Forte QuezziDeixado o Forte Irmão Menor, o caminho sobe em direção ao Forte Quezzi, uma ruína que parece emergir do mato. Aqui a história é feita de pressa: em 1800, durante o cerco de Gênova, o general Massena ordenou que fosse concluído em apenas três dias e três noites, usando barris de terra e muros de pedra seca. Loucura, não é? Hoje restam apenas as paredes perimetrais do quartel de dois andares e uma atmosfera silenciosa, quebrada apenas pelo vento entre os pinheiros. A 285 metros de altitude, domina o Vale Bisagno e o bairro do Biscione, aquele longo edifício curvilíneo que parece uma serpente. Durante a Segunda Guerra Mundial, o primeiro andar foi demolido para dar lugar à artilharia antiaérea. Agora é um abrigo para rebanhos, e entre as pedras vive o raro tarantolino. Sem bilhete, sem horário: o forte está sempre aberto, mas leve água e sapatos resistentes, porque o caminho é íngreme e não há lanchonete.
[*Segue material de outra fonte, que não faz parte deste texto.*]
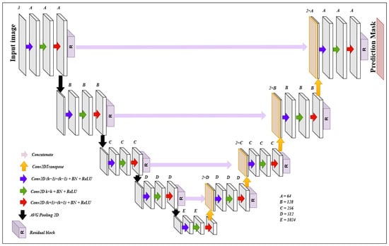 The proposed model, SDKU-Net, is built upon the U-Net architecture, which features an encoder–decoder structure with skip connections. This design enables the model to effectively capture both global context and local details. As illustrated in Figure 2, each block within the encoder and decoder comprises three convolutional layers with kernel sizes k − 1, k, and k + 1, along with Batch Normalization (BN) applied after each convolutional layer, followed by activation functions (ReLU). This configuration enhances training stability and efficiency by normalizing the inputs to each layer. Additionally, the incorporation of residual connections facilitates gradient flow throughout the network.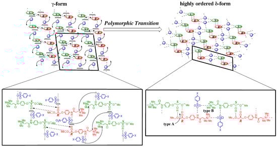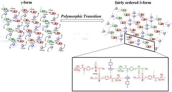 Polymorphic transition in the case where equal numbers of homochiral R and S chains are alternately aligned in the γ-form crystal, leading to the ordered δ-form crystal.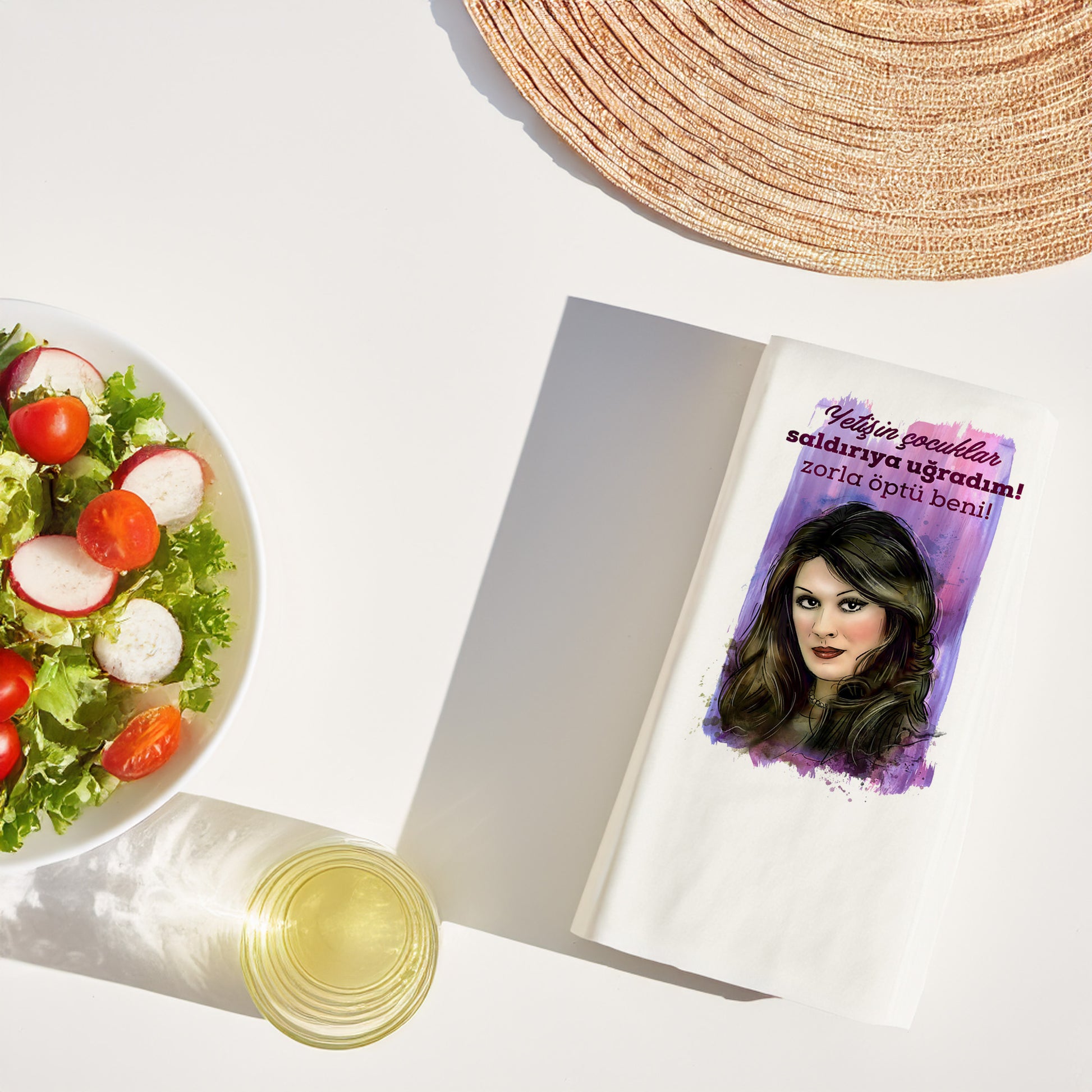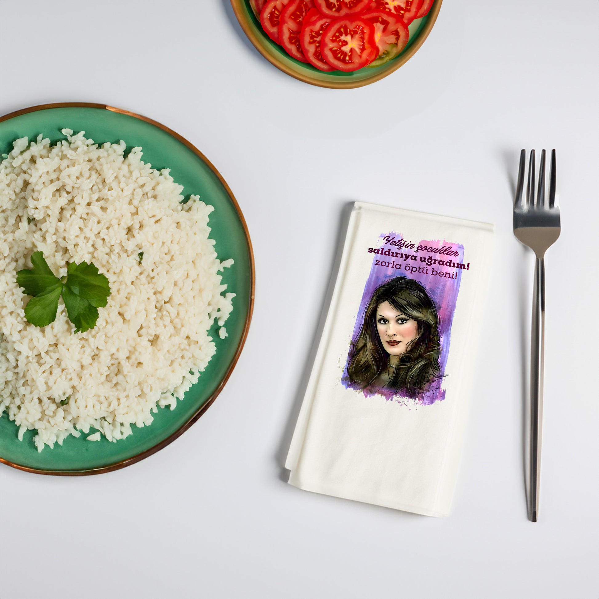 Bu modelde, ikonik replik “Yetişin çocuklar, saldırıya uğradım! Zorla öptü beni!” eğlenceli illüstrasyonla bir araya gelerek sofralara hem mizah hem de retro bir dokunuş katıyor.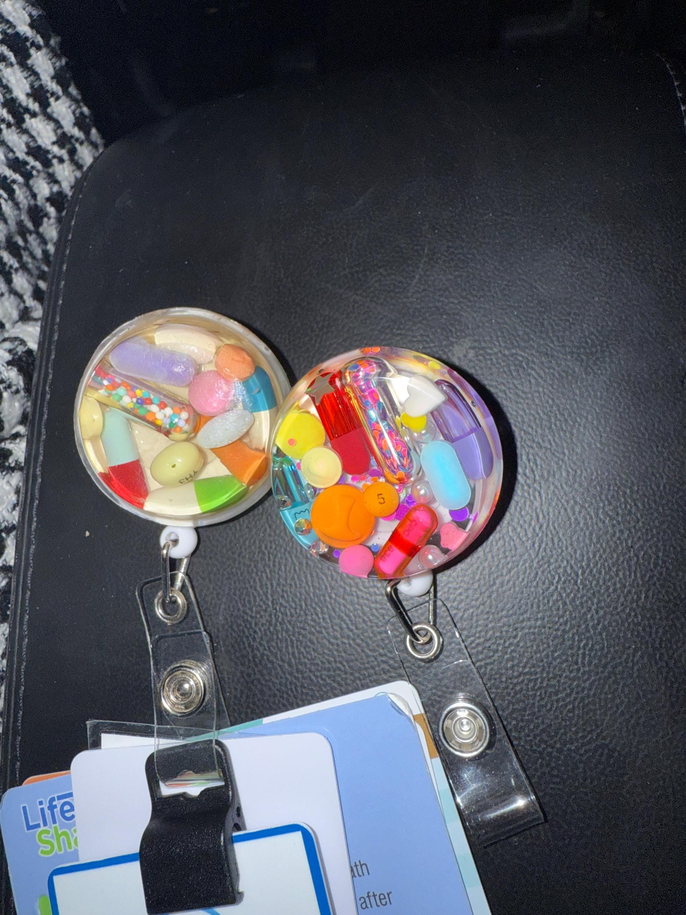 Super fun handmade resin bubble with clear background attach to a badge reel. This listing is for a single badge reel.

A paisagem, porém, compensa cada passo.

Vale a pena se…

Uma ruína quase esquecida, perfeita para quem busca lugares autênticos e paisagens do Vale Bisagno sem multidões. Aqui se respira a história feita de pressa e abandono.

Forte Quezzi

Etapa n.º 5

Forte de Santa Tecla: o baluarte redescoberto

Forte de Santa TeclaÚltima parada, mas não menos importante: o Forte de Santa Tecla. Após a ruína do Forte Quezzi, aqui você encontra uma estrutura completamente diferente: restaurada, viva, gerida por associações que organizam eventos e espetáculos. Eleva-se a 180 metros sobre o bairro San Fruttuoso, e o panorama se estende da cidade ao mar. Sua história é longa: projetado em 1747 por De Sicre, foi potenciado pelos Saboia no século XIX e usado como prisão, taverna e moradia. Hoje, após uma restauração de 1,75 milhões de euros concluída em 2025, é acessível a todos, com elevador para o terraço. A igreja de Santa Tecla do século XI ainda é visível no pátio interno. Se você gosta de história misturada com cultura contemporânea, este forte irá conquistá-lo. Pegue a linha 67 da Praça Martinez ou, se tiver energia, desça a pé do Forte Richelieu em meia hora.

Vale a pena se…

Um forte que mescla passado e presente, perfeito para quem ama fortalezas restauradas com eventos culturais e uma vista deslumbrante sem multidão.